What is NCR Paper?
What is NCR Paper?Also known as “Carbonless copy paper”
NCR paper was intended to replace an earlier version of copy paper know as carbon paper. It’s used to make a copy of an original handwritten or impact printed paper form. Developed by the NCR corporation as a clean, biodegradable, manual, non-mechanical or non-electronic document replication system.
How’s it work?
NCR paper is made up of one or more sheets of paper which are coated with very tiny micro-encapsulated dye or ink droplets and reactive clay. Where “micro-encapsulated” or also known as “microsphere” and where “clay” as fine silica sand.
The backside of the top sheet is coated with the very fine ink droplets. The top of the next consecutive sheet or sheets are coated with the clay. When force or pressure is applied to the top part of the form by hand writing or impact from an impact printer, the fine ink droplets burst and spill the tiny amount of the dye or ink onto the clay making a permanent mark. The key is to remember that the size of the ink droplet is around 2uM (uM is micrometers or 10 to the -6 power).
Most NCR forms are no more than 5 pages.

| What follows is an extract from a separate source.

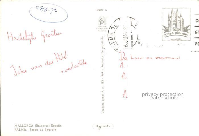 old postcard Mallorca Paseo de Sagreta postalisch gelaufen Erhaltung siehe scans

So the very top page would not have any clay, and the very last sheet-back would have no ink droplets.
Composition of dyes and chemicals
Some dyes are, but not limited to- crystal violet lactone. Other dyes and supporting chemicals used are PTSMH (p-toluene sulfinate of Michler's hydrol), TMA (trimellitic anhydride), phenol-formaldehyde resins, azo dyes, DIPN (diisopropyl naphtalenes), formaldehyde isocyanates, hydrocarbon-based solvents, polycyclic aromatic hydrocarbons, polyoxypropylene diamine, epoxy resins, aliphatic isocyanates, Bisphenol A, diethylene triamine, and others.
Risk
Rare- contact with NCR could cause dermatitis (irritation of the skin, red itchy)
Invented by David Steinhardt and patent.